American McGee’s been involved in some minor internet dustup with the fine people over at Kotaku over the purpose of a Kickstarter for Akaneiro: Demon Hunters. The short of it is, McGee’s team is asking for 200k to finish their game – which, by the way, looks like it has some serious fun potential. Kotaku’s Jason Schreier took a dim view of this, seeming to regard the move as unseemly internet panhandling. After all, Akaneiro clearly had some funding already to get as far as they did; they simply ran out of it before the project was finished. McGee responded that Akaneiro was, in fact, 100% complete, save for some various features they would have liked to add in. Which, you have to admit, relies on a pretty unique definition of the word “complete”. Sounds shady, right? Well, not as much as you’d think.
The whole affair seems to open up some questions about what the purpose of Kickstarter is. In my mind, and I think in the minds of many, a proper Kickstarter does exactly that – it kickstarts a worthy project that probably wouldn’t see the light of day without some crowdsource supporting. McGee’s team clearly isn’t in that situation. Instead, they’re using Kickstarter to top off a finished project and add in features that had to be cut due to the usual time and money constraints. That’s why McGee can on the one hand say the project is 100% complete, but still turn around and sincerely offer up a Kickstarter. The game can be done – it can run, have a beginning and middle and ending – yet at the same time, be made better. And if you don’t believe me, think of any game you’ve ever played – whether you liked it or hated it – and ask yourself if you could think of something you’d add to the game. Chances are, you can. But does the fact that you can think of such a feature mean that the game, as is, is incomplete? If so, I’ve got some news for you: you’ve never played a finished game in your life. If not, well, then you can see the situation McGee is presenting himself as being in right now.

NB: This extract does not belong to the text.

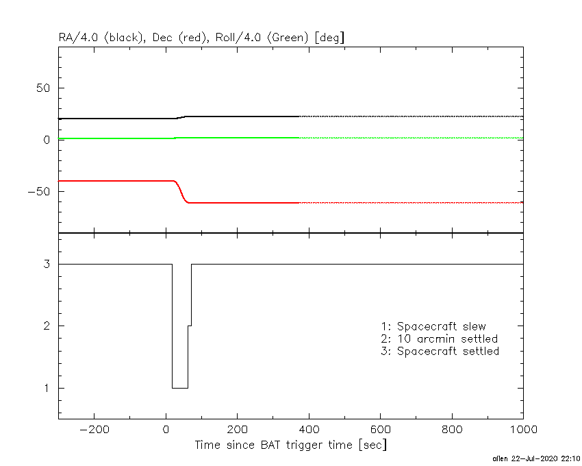 - 4) The verticle lines correspond to following: green dotted lines are T50 interval, black dotted lines are T90 interval, blue solid line(s) is a spacecraft slew start time, and orange solid line(s) is a spacecraft slew end time.

Either way, as of this writing Akaneiro has 26 days to go and has nearly reached 50k of it’s 200k goal, so it looks reasonable to bet that Akaneiro will be getting a post-100% tune-up. But hopefully a little light has been shed on how McGee can be saying with a straight face that his team’s game is both complete, yet also could really use an extra 200k to add on some planned features on top of it all.